In late 1926 the Ikhwan leaders met in Al Artawiyah and made a pact to contribute one another against Ibn Saud if he would attack one of them. They also shared the regions among themselves, and Dhaydan bin Hitlain assumed the responsibility of Al Ahsa region. Because they thought that Ibn Saud would appoint them as emirs of these regions. However, their plans were not materialized when Ibn Saud's sons, brothers and cousins were given the post. As a result, their relation with Ibn Saud became much more strained.

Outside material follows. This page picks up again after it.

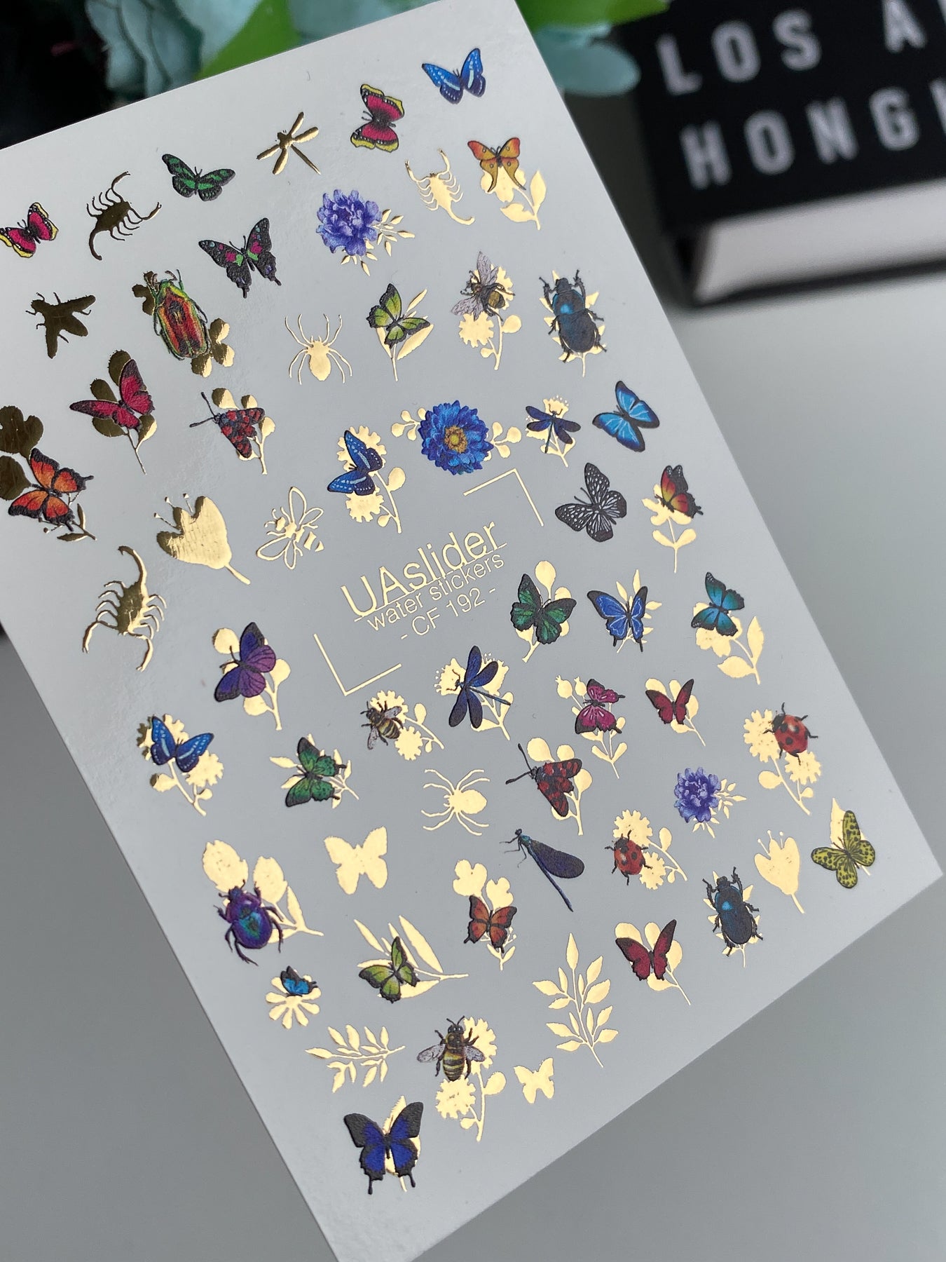 Unikátní vodní nálepky na nehty s barevnými motýly, brouky, vážkami a divokými květinami, zvýrazněné zlatými detaily. Perfektní pro manikúru inspirovanou přírodou nebo kreativní nail art.

Ibn Saud held a meeting in Riyadh in October 1928 to settle the conflicts with the Ikhwan leaders, but none of them attended the meeting. As a result, Dhaydan bin Hithlain and others were removed from their posts in the Ikhwan movement due to their challenge against Ibn Saud's rule. In addition, they were declared by Ibn Saud as rebels on the same date. On 30 March 1929 other Ikhwan leaders rebelled against Ibn Saud due to the latter's activities and fought against him in the battle of Sabilla. Ibn Saud won the battle, and the Ikhwan leaders were arrested or perished. Dhaydan bin Hithlain did not openly confront with Ibn Saud during and following the battle and sent him a letter expressing his loyalty. However, Dhaydan bin Hithlain covertly supported the Ikhwan forces, although his forces did not take part in the battle.

After the battle Dhaydan bin Hithlain remained in Al Ahsa. In May 1929 he was invited to the camp of Fahd bin Abdullah, son of Abdullah bin Jiluwi who was the governor of Al Ahsa province. He and his five companions were murdered by Fahd who was in turn killed by the members of the Ajman tribe. Dhaydan's son, Rakan, and Nayef bin Hithlain succeeded him as the leaders of the Ajman tribe.